Target roles requiring cross-functional team leadership
Apple structures ML Manager roles around owning both research direction and engineering execution across product groups. Highlight experience managing mixed teams of researchers and engineers shipping to production, which differentiates you from pure research or pure engineering management candidates.
Prepare your credentials for specialty occupation documentation
For H-1B sponsorship, USCIS requires evidence that the role is a specialty occupation. Gather transcripts, any advanced degree certifications, and documentation of progressively specialized ML work early, before the offer stage, so Apple's immigration counsel can move quickly.

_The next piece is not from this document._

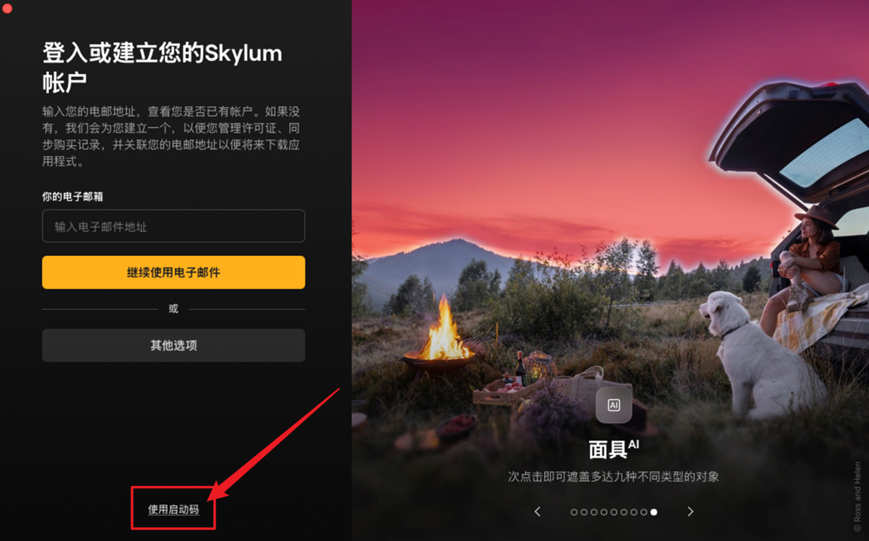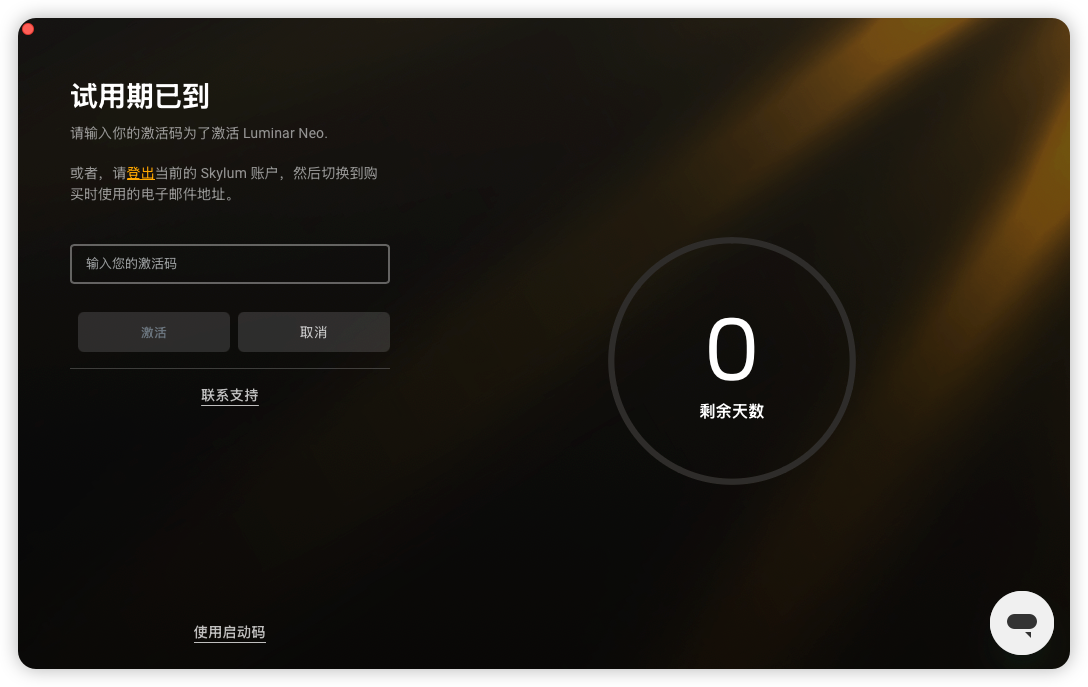 五、安装完成后,在登录激活界面输入邮箱,如果之前没有注册过账号则会自动注册。然后点击下方的激活码(启动码),点击激活,即可完成Luminar Neo国际版的软件激活。

Time your application around H-1B cap and OPT windows
If you're on F-1 OPT, Apple can file an H-1B cap-subject petition in April for an October 1 start. Confirm your OPT expiration date before accepting an offer so your employer's counsel has enough runway to bridge any gap with a cap-gap extension.
Use Migrate Mate to filter verified Apple ML sponsorship openings
Apple posts Machine Learning Manager roles across multiple business units and career sites. Use Migrate Mate to filter active Apple roles that align with your target visa type, so you're applying to positions where sponsorship is already confirmed rather than assumed.

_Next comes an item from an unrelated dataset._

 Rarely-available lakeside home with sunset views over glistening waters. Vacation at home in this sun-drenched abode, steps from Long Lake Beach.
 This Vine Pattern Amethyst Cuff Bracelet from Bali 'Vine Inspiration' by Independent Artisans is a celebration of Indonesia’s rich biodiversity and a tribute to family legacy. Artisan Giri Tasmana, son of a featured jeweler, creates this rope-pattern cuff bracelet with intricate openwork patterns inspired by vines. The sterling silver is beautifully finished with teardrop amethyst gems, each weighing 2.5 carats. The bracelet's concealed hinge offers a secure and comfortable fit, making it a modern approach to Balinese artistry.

Ask explicitly about PERM timing if you want a Green Card path
For EB-2 or EB-3 sponsorship, Apple's immigration team initiates the DOL PERM labor certification process. Ask during offer negotiation whether Apple starts PERM within the first year of employment, since the earlier you file, the earlier your priority date is established.

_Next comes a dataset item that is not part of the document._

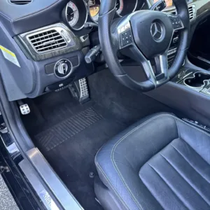 The heated and ventilated power-adjustable front seats are upholstered in black leather, while wood trim accents the cabin. Additional appointments include front seat position memory, Keyless Go, a rearview camera, dual-zone automatic climate control, ambient lighting, a Harman Kardon sound system, and COMAND infotainment with navigation.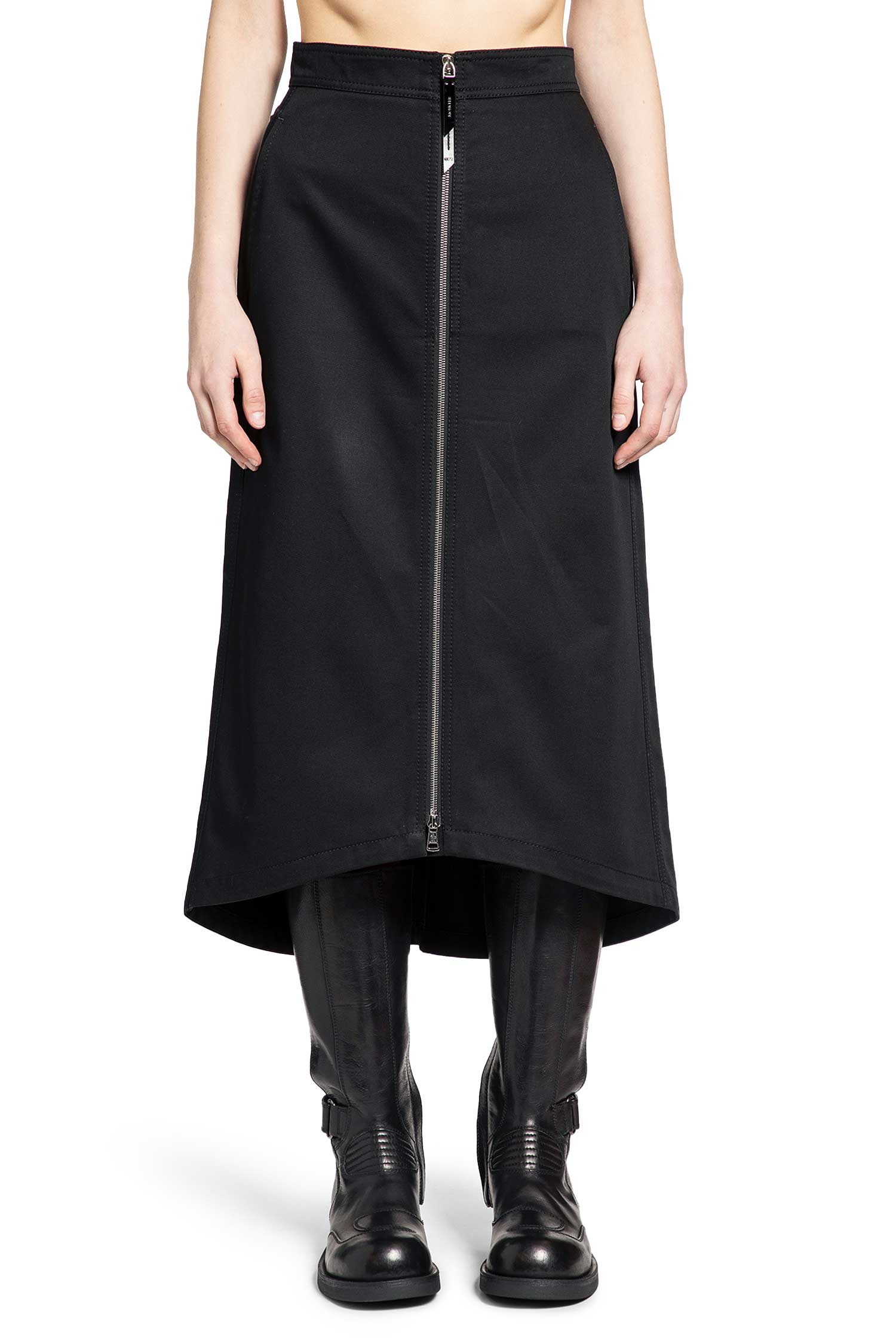 DESCRIPTION - In the Fall Winter 2025 collection, this Cotton Gabardine Midi Skirt, designed in collaboration with EE72 by Edward Enninful, embodies sophisticated structure and modern utility. Crafted from black cotton gabardine, it features a high-waisted silhouette with a striking front zipped split and practical side pockets. Detailed with a back rubber collaboration logo patch, dropped back, and flared cut, it captures the refined innovation and timeless allure of contemporary luxury. DETAILS - Made in: Romania - Composition: 100% Cotton - Model code: 2D00006M6582 999 - Item ID: 9896771912022

Frequently Asked Questions
Does Apple sponsor H-1B visas for Machine Learning Managers?
Yes, Apple sponsors H-1B visas for Machine Learning Manager roles. The H-1B is the most common work visa path for this position given the degree requirements and specialized nature of the work. Apple also sponsors the H-1B1 visa for Singaporean and Chilean nationals, and the E-3 visa for Australian citizens, offering alternatives that bypass the H-1B lottery entirely.
How do I apply for Machine Learning Manager jobs at Apple?
Apply directly through Apple's careers site or use Migrate Mate to browse verified Machine Learning Manager openings at Apple filtered by your visa type. Apple's hiring process for this level typically includes a recruiter screen, technical assessments on ML system design and leadership scenarios, and several rounds of cross-functional interviews before an offer is extended.
Which visa types does Apple commonly use for Machine Learning Manager roles?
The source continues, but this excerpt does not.